- Work to be completed:
Among the lines of the data, copy those that hold "variant".

------

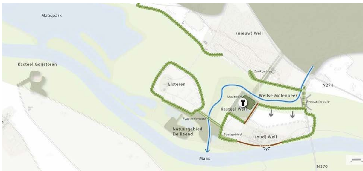
De oorspronkelijke variant: dijkaanleg en dijkverbetering

Deze vergravingen zijn zo gesitueerd en vormgegeven dat ze een basis vormen voor waardevolle natuurontwikkeling en ze passen in de karakteristiek van het landschap. Deze integrale variant heeft ook als voordeel dat in dit gebied de schop maar een keer de grond in hoeft, omdat rivierverruiming in de tijd naar voren geschoven is. Bovendien is de integrale variant 13% goedkoper dan de oorspronkelijke variant.
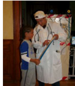
Le professeur avant...

Ce matin, après le traditionnel exercice incendie, un drôle de savant a tenu à nous faire la démonstration de sa machine à agrandir et rétrécir les gens. Il prétendait que les personnes qui rentreraient dedans, pourraient changer de taille. La science étant ce qu'elle est, la machine a décidé de n'en faire qu'à sa tête, et a agrandi tous les enfants et cadres de la colo. Le professeur n'étant pas certain de pouvoir réparer sa machine, les enfants ont dû s'entraîner à vivre avec leur grande taille, en participant à des jeux, dont les objets avaient gardé leurs taille normale, ce qui a été assez facile pour eux. Cependant, ils ont dû affronter un problème bien plus grave, la taille ridicule des raquettes de ping-pong, ainsi que celles... de leurs assiettes. Heureusement le
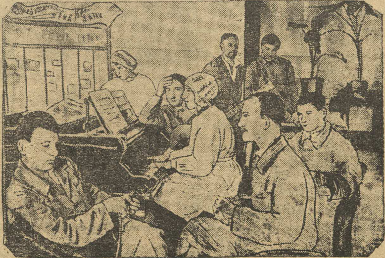
Культурные развлечения — один из методов лечения. На снимке: музыкальный кружок Ставропольской психбольницы за работой.

назад „угрожали“, других арестовывали за (как они сами в том признаются на суде) контрреволюционную деятельность, третьи что-то „слышали“ и т. д.
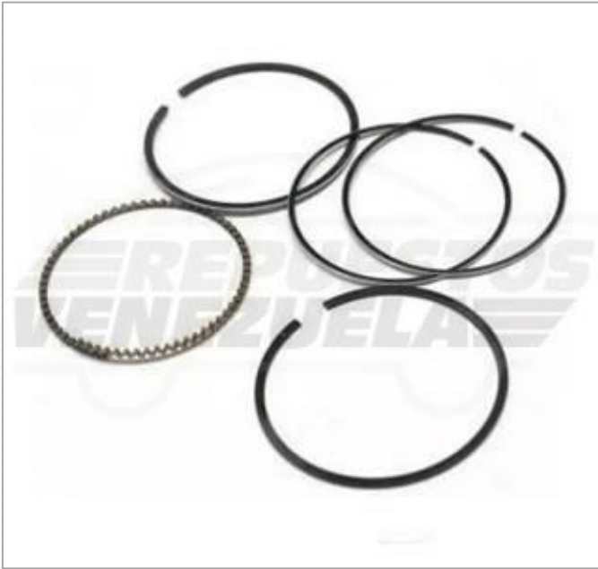
Anillo 1.00 Scooter 150 Código: 374-221

------

- Task answer:
De oorspronkelijke variant: dijkaanleg en dijkverbetering
Deze vergravingen zijn zo gesitueerd en vormgegeven dat ze een basis vormen voor waardevolle natuurontwikkeling en ze passen in de karakteristiek van het landschap. Deze integrale variant heeft ook als voordeel dat in dit gebied de schop maar een keer de grond in hoeft, omdat rivierverruiming in de tijd naar voren geschoven is. Bovendien is de integrale variant 13% goedkoper dan de oorspronkelijke variant.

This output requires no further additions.